コメント欄は「ジャムファン以外」「バトル好き」「ジャムファン」のコメントで混迷を極めていた。
「若い衆が元気な事は良い事だい!オイラが若い頃は……」
「いやそんな事言ってる場合ちゃいますからねハイダイさん、止めなあかんから。おうキー坊!わざわざ会話に入りに行くなや」
「なんやチリヤン!ワシは今機嫌悪いで!」
「だからチリヤンは止めろ言うたやろ!昔のあだ名とか、寒過ぎてポッポ肌やほら見てみいチリちゃんのツルツルお肌が」
「こらこらチリ、貴方までそちら側に回ったら収拾が付かなくなります」
「こんなチリちゃん見た事ないです……」
一人また一人と集まり、騒がしくなる。中心にいるジャムを差し置いて皆自由に話を始めている。これにはコメントは更に盛り上がりお祭り状態と化していた。

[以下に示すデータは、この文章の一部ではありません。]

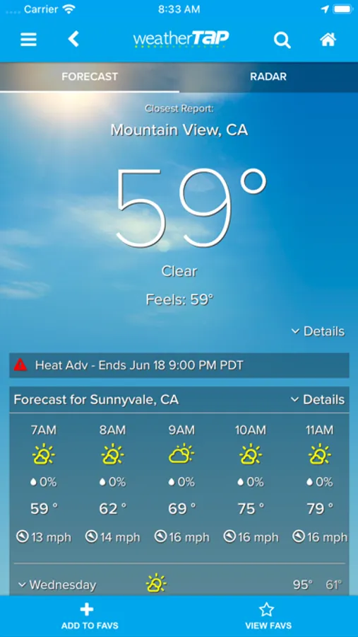 • Current local forecast, hourly forecast and local radar geo-located to your location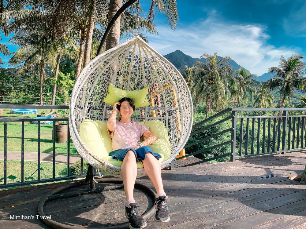 草地上擺放了很多組躺椅、吊椅,傍晚或清晨走到戶外欣賞台東的好山好水,拍照效果很好,也難怪吸引不少網美們入住打卡,而且富杉晴民宿晚上的光害也不多可以看到滿天星斗,運氣好的話還能看到許願流星唷~

その様子を離れた位置から見るトップは止める事なく微笑むのみ。ジムリーダー、四天王、チャンピオンクラストレーナー、皆がコミュニケーションを取り関わりを深める事こそが今回の放送での目的の一つ。
「アオキ、貴方もあの中に入ってきなさい」
「……無茶を仰る」
「アオキ?」
「私は食事を楽しむとします。丁度来ましたから」
複数のスタッフが食事を運んで来るのが見えそちらに目を向けるアオキ。そもそも内気なアオキに仲良くしろと言うのが無茶な事であったと内心思うオモダカ。皆が皆自由に過ごす中、放送は続いていた。